_Exercise brief_
Each line of the data below between the one containing "Al cierre de" and the one containing "أو نشر الشائعات", both included, is to be repeated exactly. Please omit pictures.

_Extracted data_
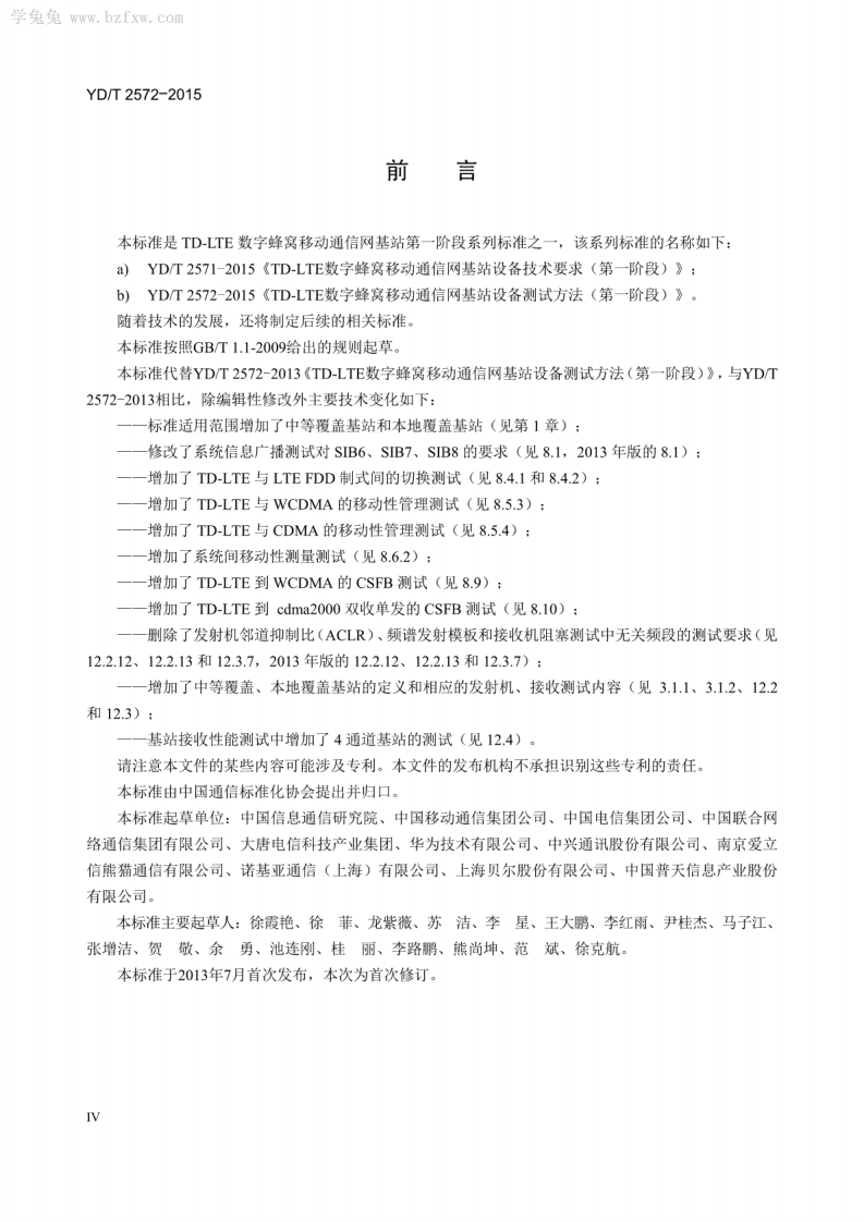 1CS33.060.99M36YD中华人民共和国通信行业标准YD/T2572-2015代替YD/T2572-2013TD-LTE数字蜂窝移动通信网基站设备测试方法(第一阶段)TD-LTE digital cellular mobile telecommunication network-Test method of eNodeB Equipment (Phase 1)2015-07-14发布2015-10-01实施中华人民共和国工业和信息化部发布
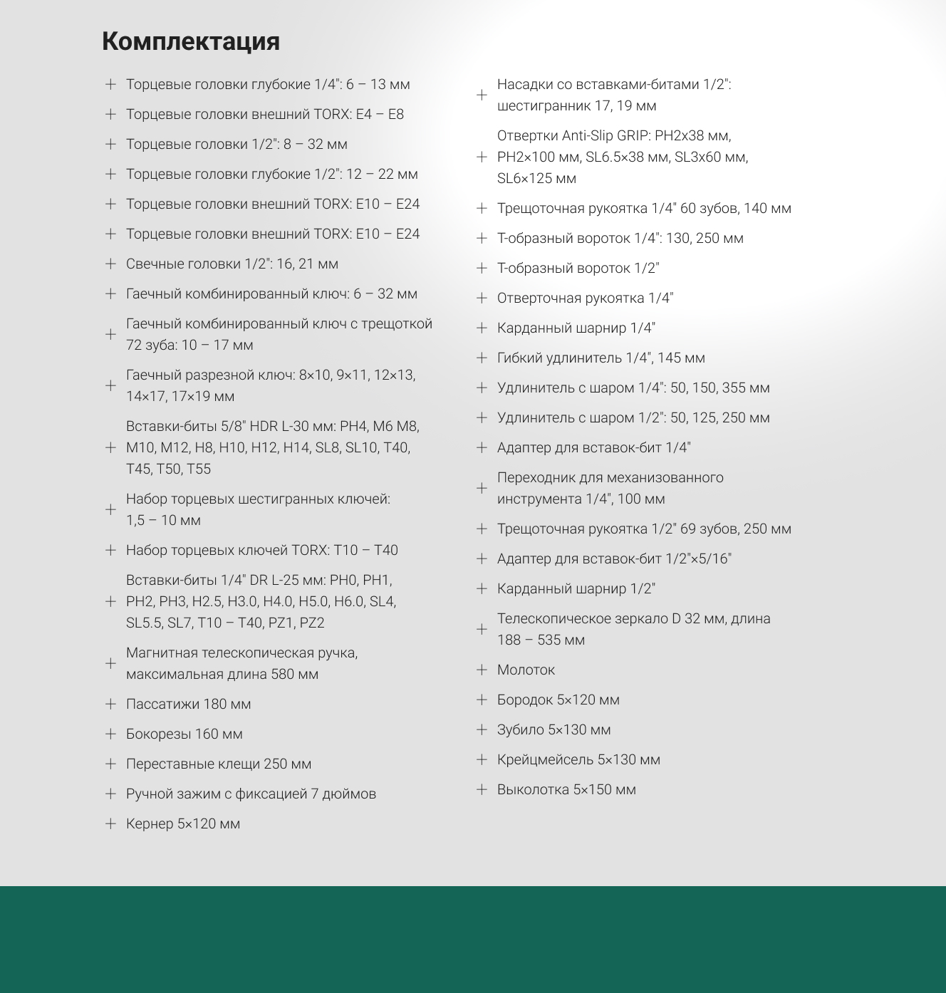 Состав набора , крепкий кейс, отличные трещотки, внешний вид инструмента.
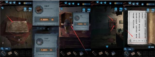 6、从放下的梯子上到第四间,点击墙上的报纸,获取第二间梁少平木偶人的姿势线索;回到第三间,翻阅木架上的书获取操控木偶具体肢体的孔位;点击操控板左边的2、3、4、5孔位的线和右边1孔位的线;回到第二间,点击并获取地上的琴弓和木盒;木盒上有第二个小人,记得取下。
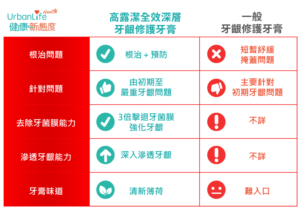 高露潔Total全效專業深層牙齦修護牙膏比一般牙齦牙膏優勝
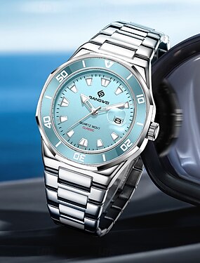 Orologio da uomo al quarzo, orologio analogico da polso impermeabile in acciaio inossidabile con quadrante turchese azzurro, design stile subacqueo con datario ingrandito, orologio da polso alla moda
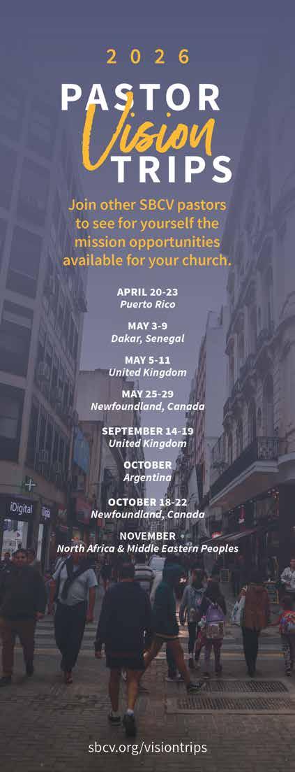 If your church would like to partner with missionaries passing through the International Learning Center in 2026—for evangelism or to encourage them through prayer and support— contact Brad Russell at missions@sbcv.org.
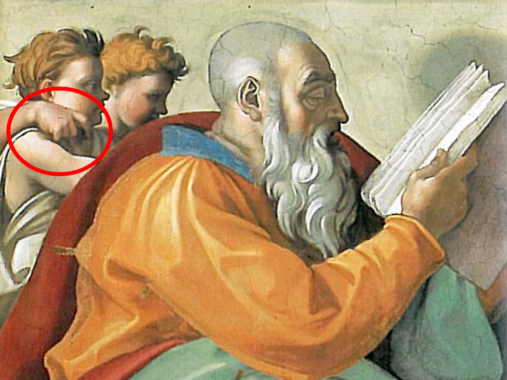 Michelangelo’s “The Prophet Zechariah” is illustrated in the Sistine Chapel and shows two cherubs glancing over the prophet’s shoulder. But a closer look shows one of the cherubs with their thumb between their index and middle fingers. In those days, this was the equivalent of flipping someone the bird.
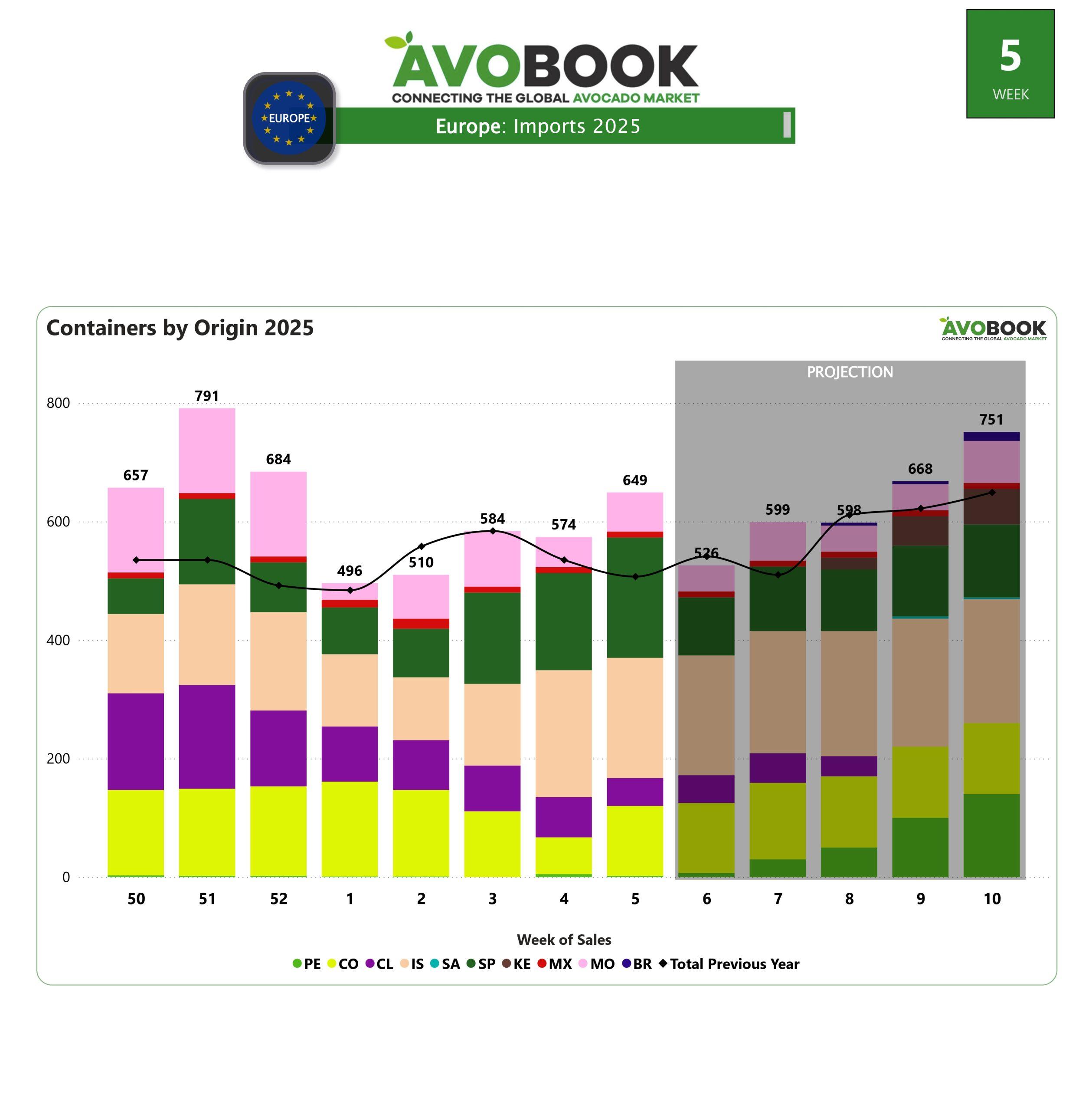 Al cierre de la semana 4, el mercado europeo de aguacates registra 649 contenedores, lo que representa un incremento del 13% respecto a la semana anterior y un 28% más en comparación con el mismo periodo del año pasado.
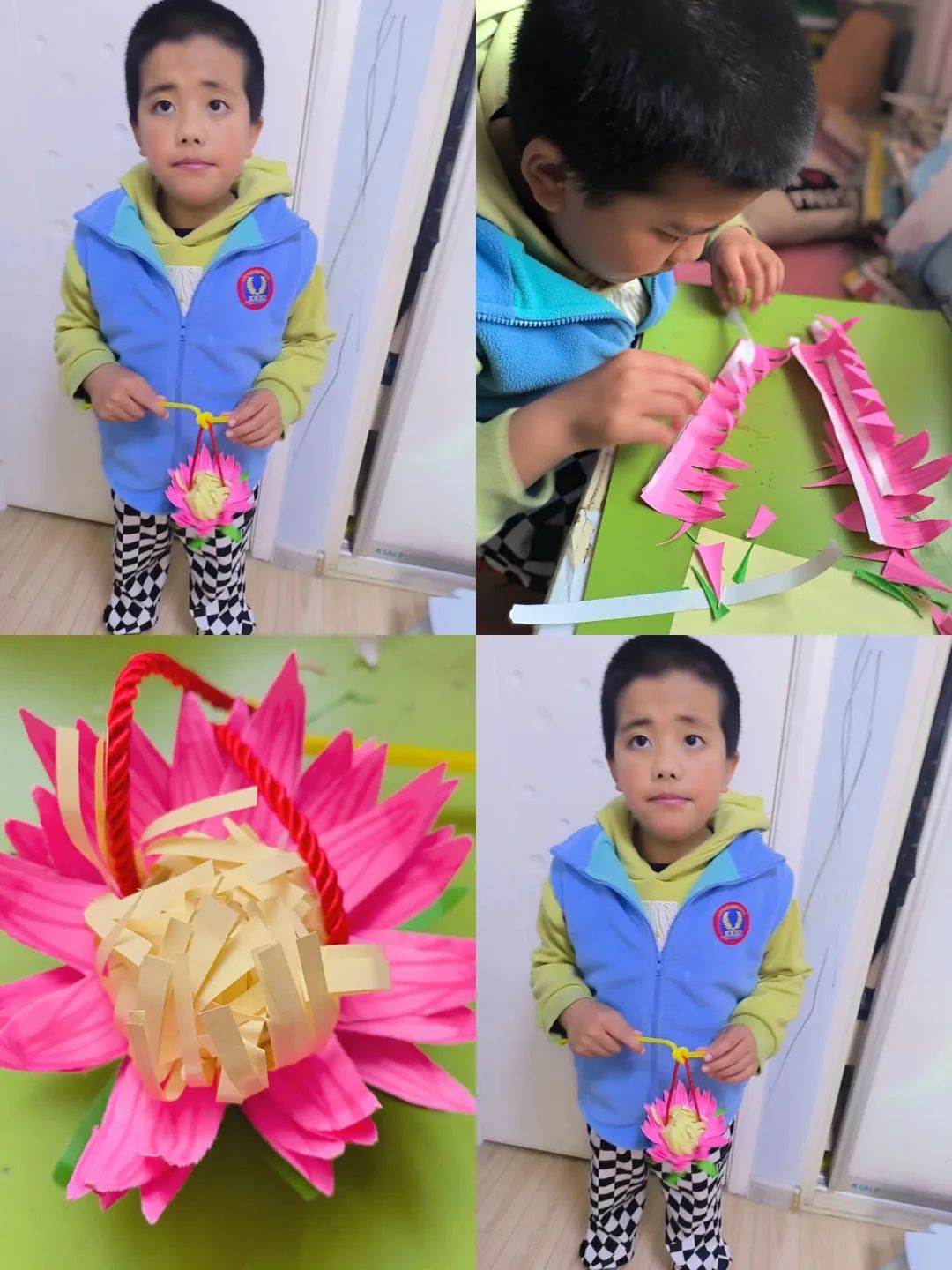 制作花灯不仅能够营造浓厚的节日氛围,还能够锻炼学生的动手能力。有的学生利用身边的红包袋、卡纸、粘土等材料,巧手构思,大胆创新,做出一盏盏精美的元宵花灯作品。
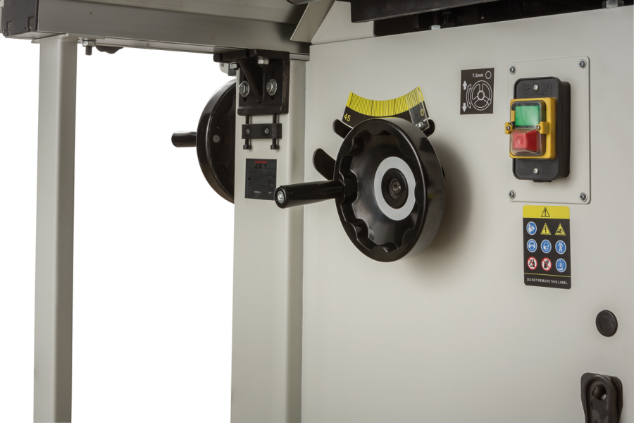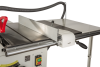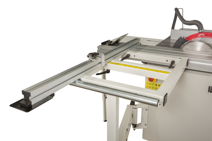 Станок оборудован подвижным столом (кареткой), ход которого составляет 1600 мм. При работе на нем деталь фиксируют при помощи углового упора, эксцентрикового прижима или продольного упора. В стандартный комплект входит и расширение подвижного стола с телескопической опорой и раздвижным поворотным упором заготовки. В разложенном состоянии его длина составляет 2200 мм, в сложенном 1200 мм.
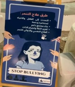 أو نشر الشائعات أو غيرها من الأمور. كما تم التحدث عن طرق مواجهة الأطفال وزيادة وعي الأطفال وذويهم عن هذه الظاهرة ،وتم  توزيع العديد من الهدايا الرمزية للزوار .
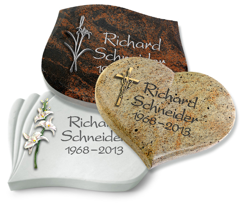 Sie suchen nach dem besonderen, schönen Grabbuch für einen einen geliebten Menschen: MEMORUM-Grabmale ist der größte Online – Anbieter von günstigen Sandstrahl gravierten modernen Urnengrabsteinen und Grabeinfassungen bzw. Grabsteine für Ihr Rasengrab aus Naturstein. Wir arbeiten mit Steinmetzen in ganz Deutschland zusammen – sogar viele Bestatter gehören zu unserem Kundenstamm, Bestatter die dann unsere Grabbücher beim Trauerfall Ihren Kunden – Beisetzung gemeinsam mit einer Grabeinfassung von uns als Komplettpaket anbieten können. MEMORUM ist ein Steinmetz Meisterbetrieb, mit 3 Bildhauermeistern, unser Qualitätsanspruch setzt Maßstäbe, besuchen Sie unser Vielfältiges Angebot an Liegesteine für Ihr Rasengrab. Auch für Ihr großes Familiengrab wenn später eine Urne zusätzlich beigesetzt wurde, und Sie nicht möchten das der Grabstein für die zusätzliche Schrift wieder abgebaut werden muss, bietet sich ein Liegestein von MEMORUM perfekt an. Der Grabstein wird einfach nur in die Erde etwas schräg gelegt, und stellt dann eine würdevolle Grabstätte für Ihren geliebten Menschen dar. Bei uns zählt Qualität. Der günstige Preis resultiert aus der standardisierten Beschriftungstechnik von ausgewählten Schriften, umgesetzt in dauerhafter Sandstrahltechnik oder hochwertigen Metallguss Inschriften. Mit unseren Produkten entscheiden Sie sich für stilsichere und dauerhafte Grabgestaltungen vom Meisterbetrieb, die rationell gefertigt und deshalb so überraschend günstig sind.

_Solution for this problem_
 Al cierre de la semana 4, el mercado europeo de aguacates registra 649 contenedores, lo que representa un incremento del 13% respecto a la semana anterior y un 28% más en comparación con el mismo periodo del año pasado.
 制作花灯不仅能够营造浓厚的节日氛围,还能够锻炼学生的动手能力。有的学生利用身边的红包袋、卡纸、粘土等材料,巧手构思,大胆创新,做出一盏盏精美的元宵花灯作品。
 Станок оборудован подвижным столом (кареткой), ход которого составляет 1600 мм. При работе на нем деталь фиксируют при помощи углового упора, эксцентрикового прижима или продольного упора. В стандартный комплект входит и расширение подвижного стола с телескопической опорой и раздвижным поворотным упором заготовки. В разложенном состоянии его длина составляет 2200 мм, в сложенном 1200 мм.
 أو نشر الشائعات أو غيرها من الأمور. كما تم التحدث عن طرق مواجهة الأطفال وزيادة وعي الأطفال وذويهم عن هذه الظاهرة ،وتم  توزيع العديد من الهدايا الرمزية للزوار .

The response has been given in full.